In addition, we would need latitude and longitude data for each airport for visualization. I have downloaded location data as a .txt file from Arash Partow.
flight_data = pd.read_csv("T_DB1B_MARKET_2023.csv")
location_data = pd.read_csv("GlobalAirportDatabase.txt",sep=':',header=None)

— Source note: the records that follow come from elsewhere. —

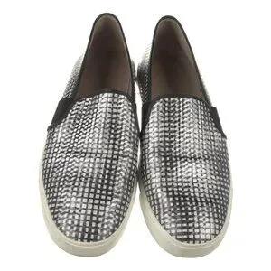 Vince Blair Metallic Gray Check Leather Slip On Sneakers l Women’s Size 7.5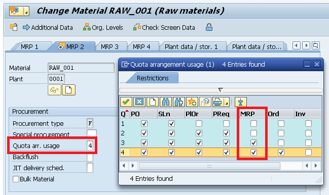 The prerequisite to have the quota arrangement during the MRP run is that the field Quota arrangement usage must be set to a value that allows the usage in MRP, such as the quota arrangement 4, highlighted in Figure 4. The Quota arr. Usage (quota arrangement usage) field can be found in the Purchasing and MRP 2 tabs of the material master.
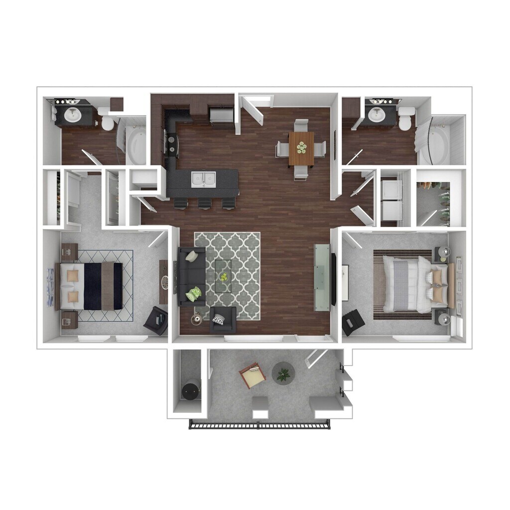 1 Dormitorio, 1 Baño, 832 pies²Disponible AhoraGalería del Modelo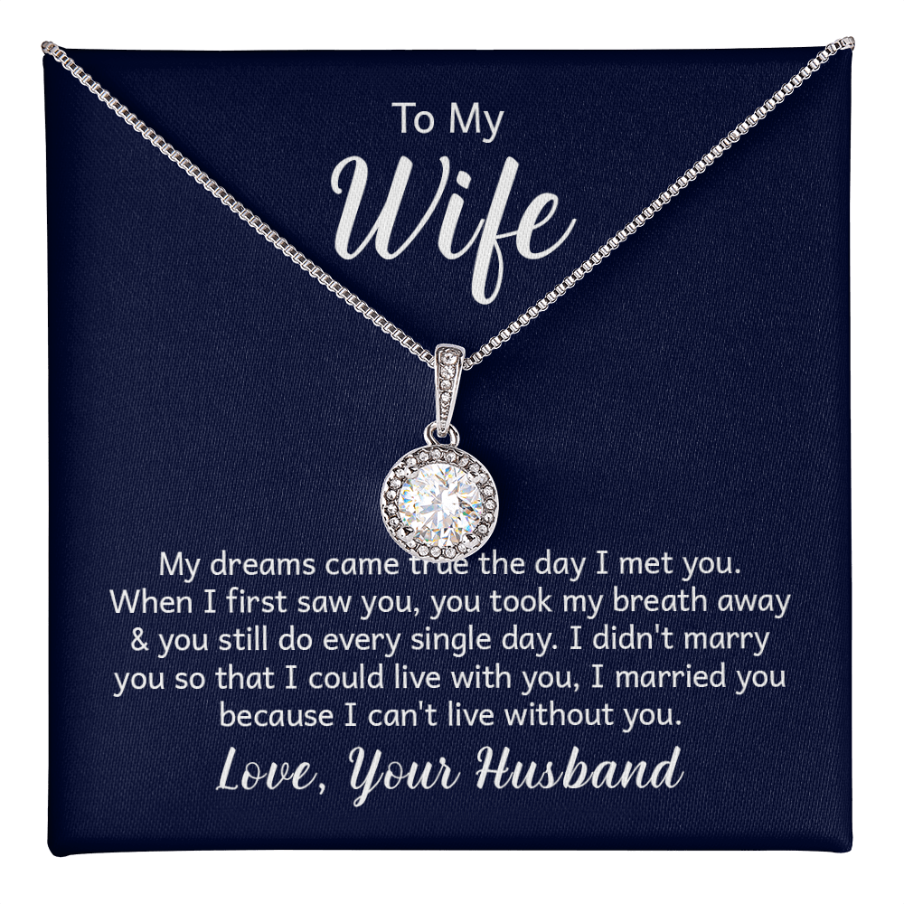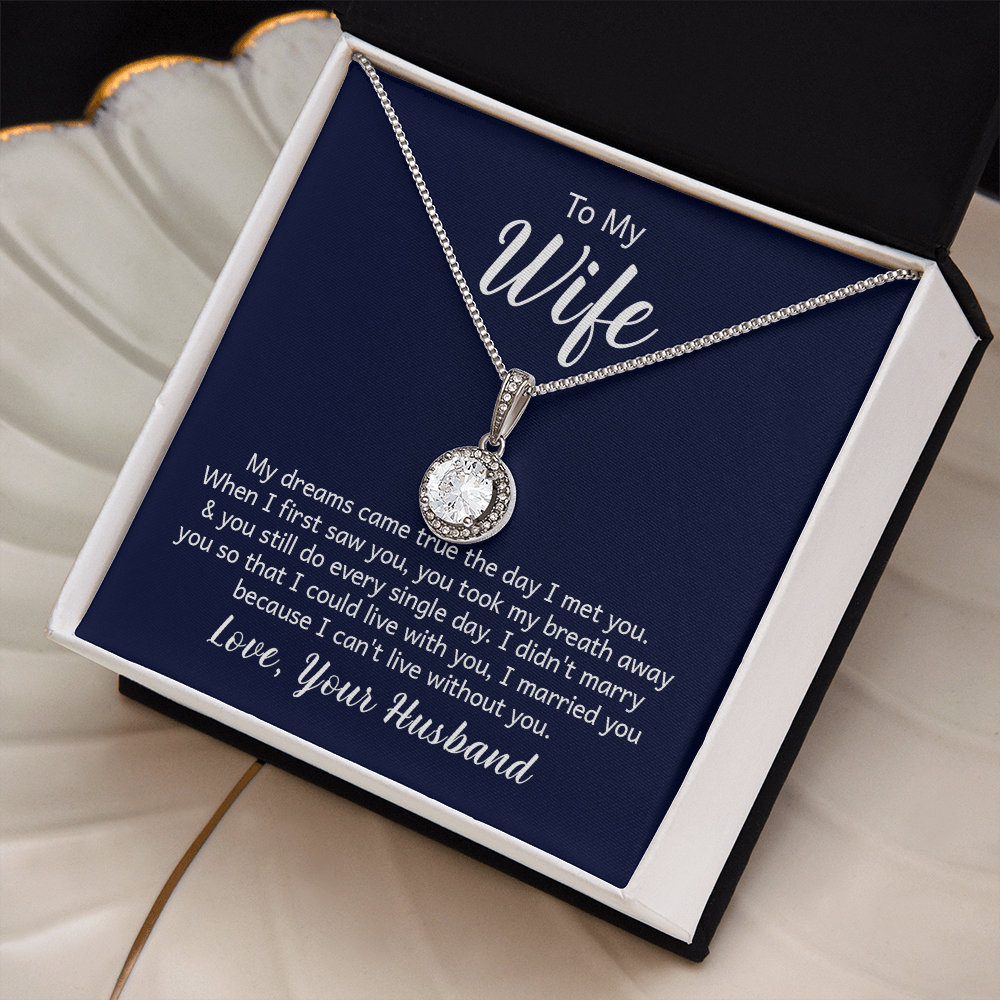 My dreams came true the day I met you. When I first saw you, you took my breath away & you still do every single day. I didn't marry you so I could live with you, I married you because I can't live without you. Love, Your Husband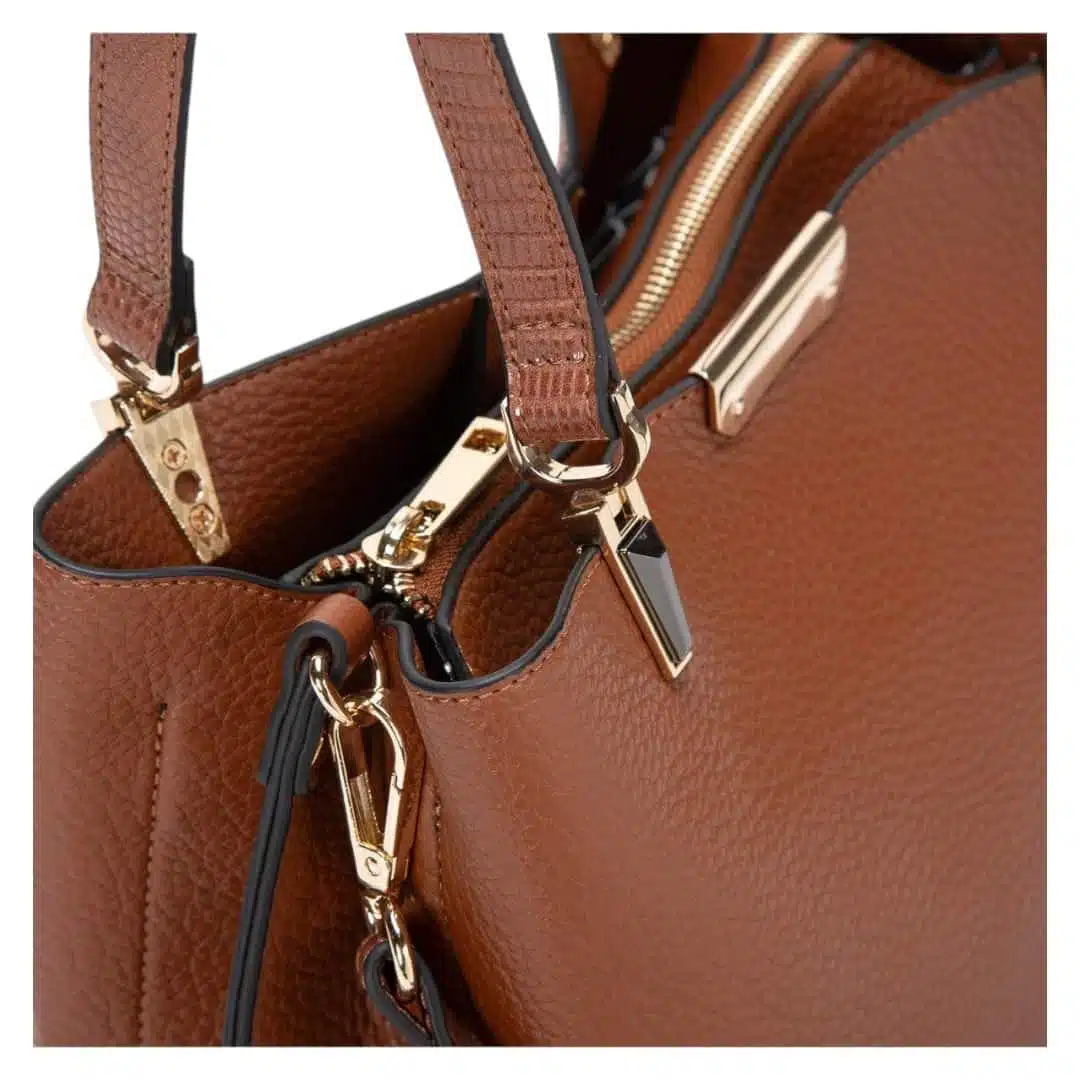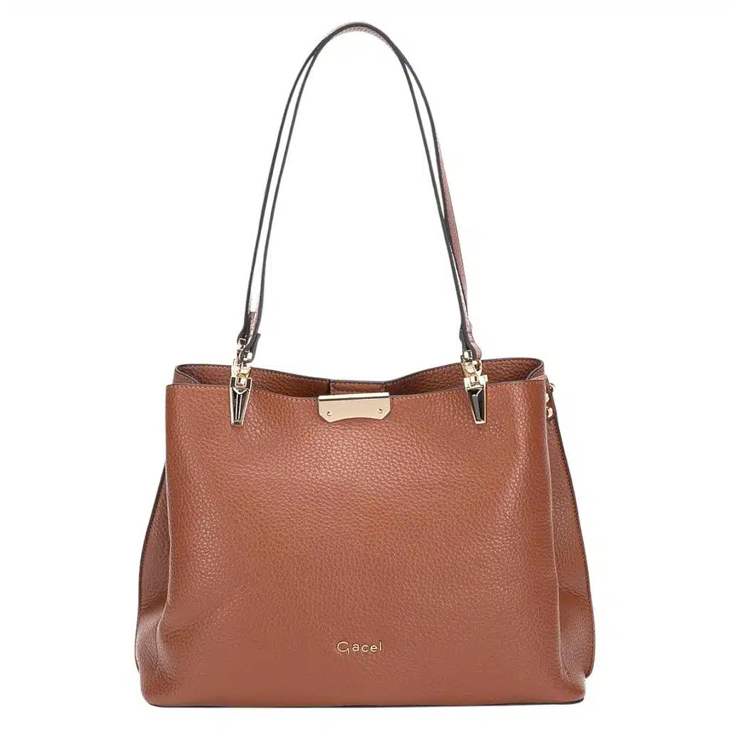 Cartera Gacel dos asas grande en color tostado es el equilibrio perfecto. Confeccionada en material graneado, su diseño versátil con asas cortas y correa larga extraíble se adapta a cualquier ocasión. Su amplia distribución y bolsillos ocultos garantizan organización impecable. Un must have imprescindible dentro de los básicos esenciales para un estilo sofisticado.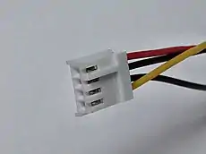 The male PCB connector on the 3½-inch floppy drive is a polarized right-angle male header, which is a TE Connectivity / AMP 171826-4,[4] the straight model is AMP 171825-4.[5]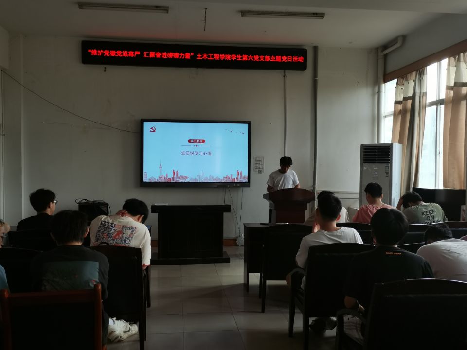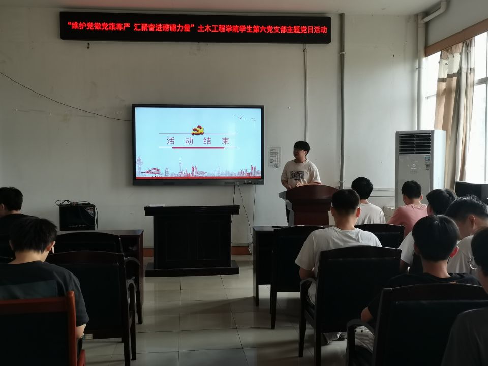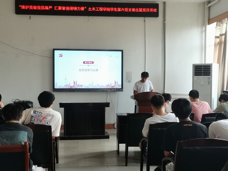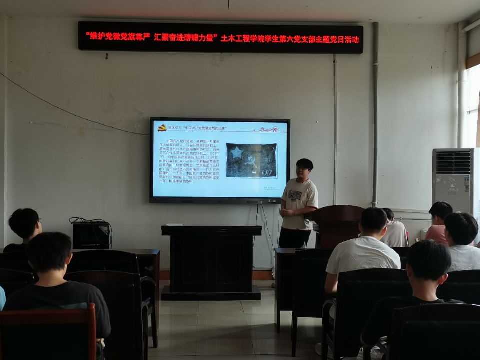 2022年6月27日15:00,必赢76net官网学生第六党支部于土木楼四楼会议室举行“维护党徽党旗尊严,汇聚奋进磅礴力量”主题党日活动。本次会议由宋章明同志主持,支部书记刘华老师及支部全体学生党员参加,共分四项进行。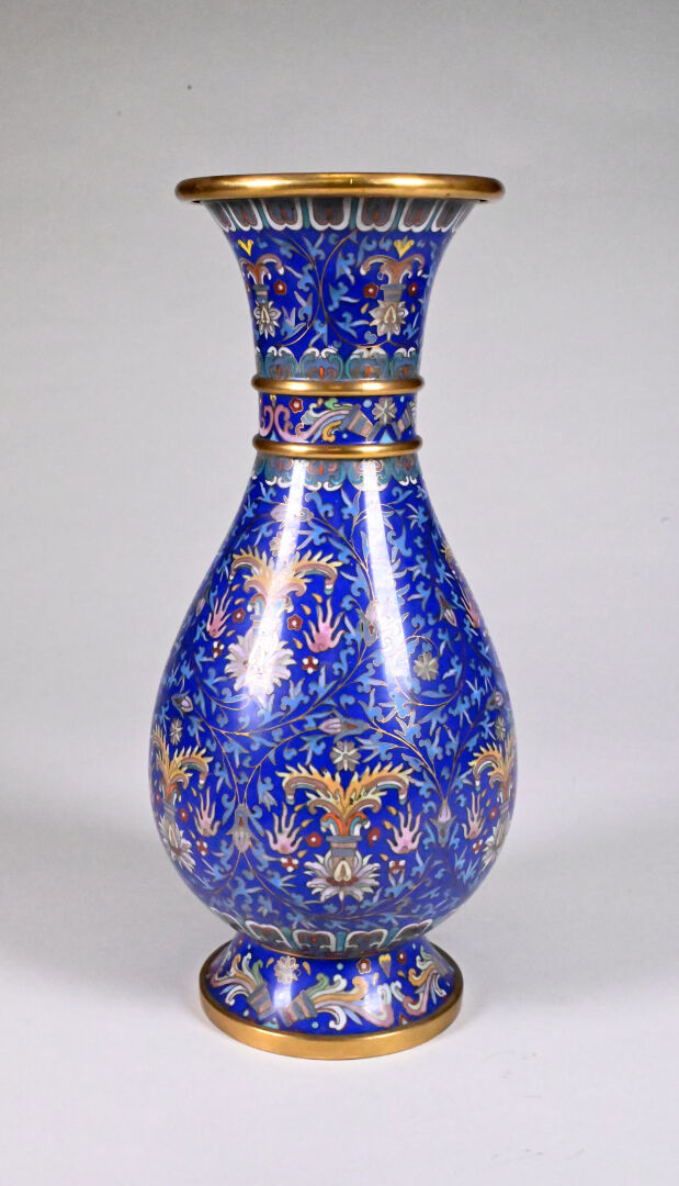 Vase balustre à décor en émaux cloisonnés de rinceaux feuillagés et fleurs sur fond bleu roi. Travail dans le goût perse, début du XXe siècle. Haut. : 31 cm.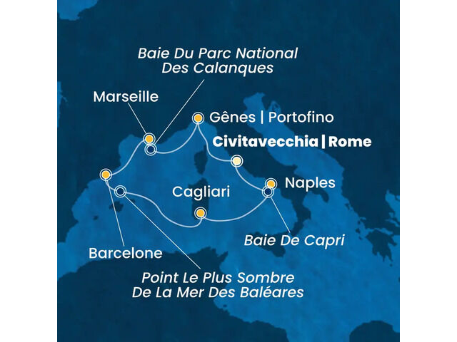 8 jours/7 nuits au départ de Civitavecchia-Rome (Italie).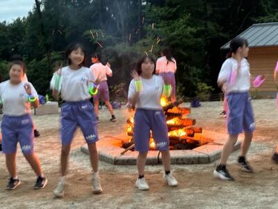 2学年の生徒が1番楽しみにしていたキャンプファイヤー。まるでコンサート会場にいるような盛り上がり。でも、時間は守り、最後の後片付けも完璧。最後は実行委員長のTさんのダンスに土屋先生のボーカルでチューチュートレイン。感動が少しでも伝われば幸いです。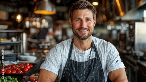chef, eatery, kitchen, smile, happy, man, apron, food, professional, cooking, waiter, barkeeper, hospitality, staff, industry, portrait, business, service, commercial, background, serving, healthy, meal, delicious, dish, tasty, appetising, fresh, produce, tomatoes, vegetable, quality, ingredient, cookery, modern, friendly, confident, client

location_data.columns = ['ICAO code','IATA code',
'Airport Name','City','Country','Latitude Degrees',
'Latitude Minutes','Latitude Seconds',
'Latitude Direction','Longitude Degrees',
'Longitude Minutes','Longitude Seconds',
'Longitude Direction','Altitude',
'Latitude Decimal','Longitude Decimal']
As recommended by the Bureau of Transportation and Statistics, let's remove data for flights that were less than $50. These flights did not have a base fare and only contained taxes and fees.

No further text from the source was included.